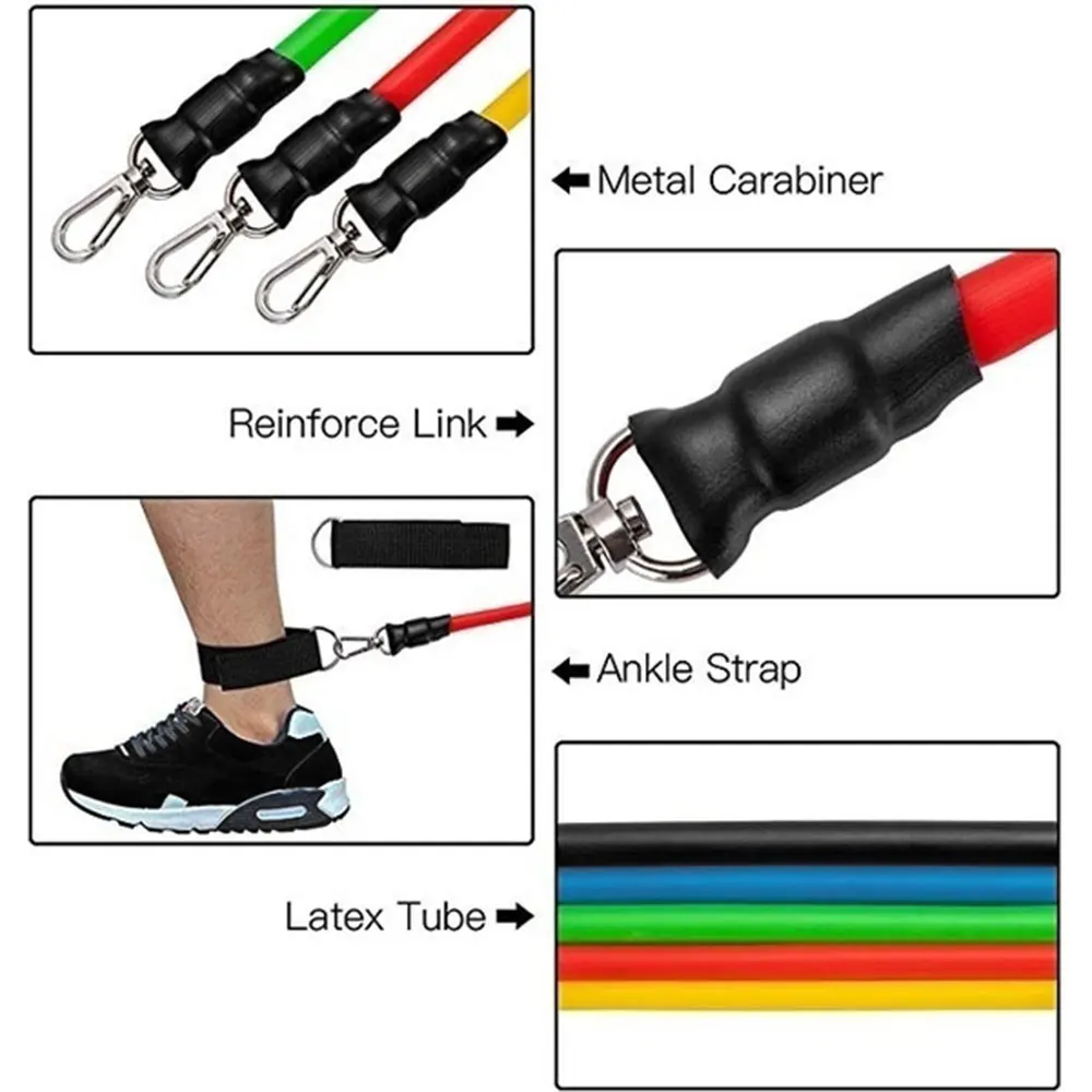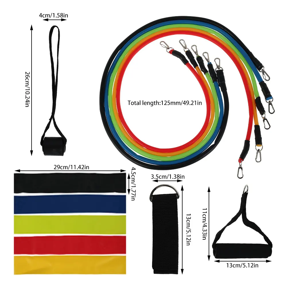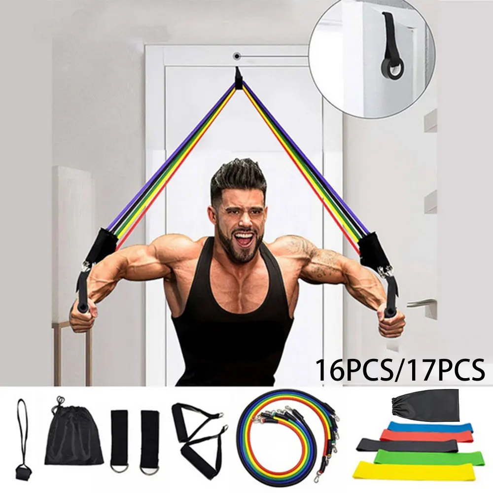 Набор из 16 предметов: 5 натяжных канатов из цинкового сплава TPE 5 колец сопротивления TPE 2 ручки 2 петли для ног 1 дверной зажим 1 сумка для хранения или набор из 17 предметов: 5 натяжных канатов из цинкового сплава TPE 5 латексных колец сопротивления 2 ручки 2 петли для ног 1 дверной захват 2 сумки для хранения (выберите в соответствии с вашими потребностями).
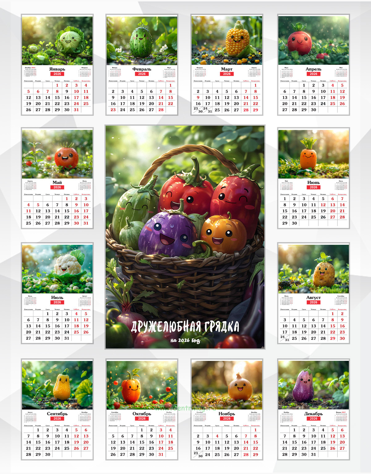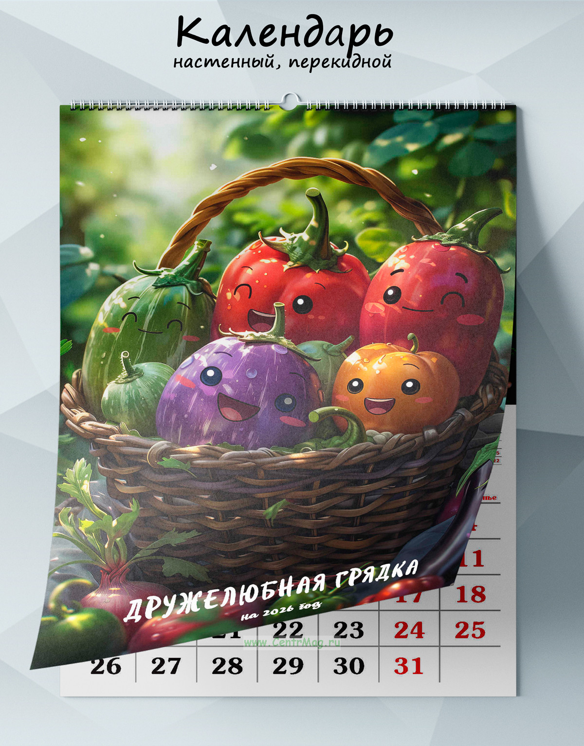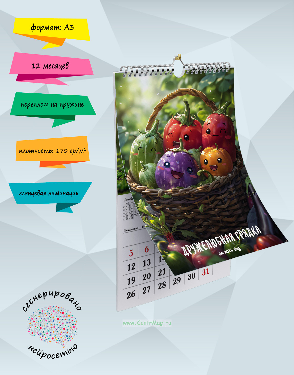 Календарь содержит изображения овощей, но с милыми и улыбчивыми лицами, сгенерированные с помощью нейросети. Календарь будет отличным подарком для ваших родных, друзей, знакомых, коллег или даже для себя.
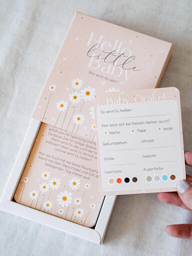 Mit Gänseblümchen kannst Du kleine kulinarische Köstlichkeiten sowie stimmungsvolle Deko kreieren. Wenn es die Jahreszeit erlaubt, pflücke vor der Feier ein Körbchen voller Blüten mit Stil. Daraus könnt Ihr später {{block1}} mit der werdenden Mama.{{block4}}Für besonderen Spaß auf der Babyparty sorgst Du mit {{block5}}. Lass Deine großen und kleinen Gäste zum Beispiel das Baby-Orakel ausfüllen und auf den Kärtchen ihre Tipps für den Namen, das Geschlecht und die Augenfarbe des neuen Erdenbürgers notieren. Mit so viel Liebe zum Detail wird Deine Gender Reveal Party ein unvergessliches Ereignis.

● **Aim of the exercise**: None of the pictures should appear; copy the rest of the material above exactly.

● **Solution**:
 Набор из 16 предметов: 5 натяжных канатов из цинкового сплава TPE 5 колец сопротивления TPE 2 ручки 2 петли для ног 1 дверной зажим 1 сумка для хранения или набор из 17 предметов: 5 натяжных канатов из цинкового сплава TPE 5 латексных колец сопротивления 2 ручки 2 петли для ног 1 дверной захват 2 сумки для хранения (выберите в соответствии с вашими потребностями).
 Календарь содержит изображения овощей, но с милыми и улыбчивыми лицами, сгенерированные с помощью нейросети. Календарь будет отличным подарком для ваших родных, друзей, знакомых, коллег или даже для себя.
 Mit Gänseblümchen kannst Du kleine kulinarische Köstlichkeiten sowie stimmungsvolle Deko kreieren. Wenn es die Jahreszeit erlaubt, pflücke vor der Feier ein Körbchen voller Blüten mit Stil. Daraus könnt Ihr später {{block1}} mit der werdenden Mama.{{block4}}Für besonderen Spaß auf der Babyparty sorgst Du mit {{block5}}. Lass Deine großen und kleinen Gäste zum Beispiel das Baby-Orakel ausfüllen und auf den Kärtchen ihre Tipps für den Namen, das Geschlecht und die Augenfarbe des neuen Erdenbürgers notieren. Mit so viel Liebe zum Detail wird Deine Gender Reveal Party ein unvergessliches Ereignis.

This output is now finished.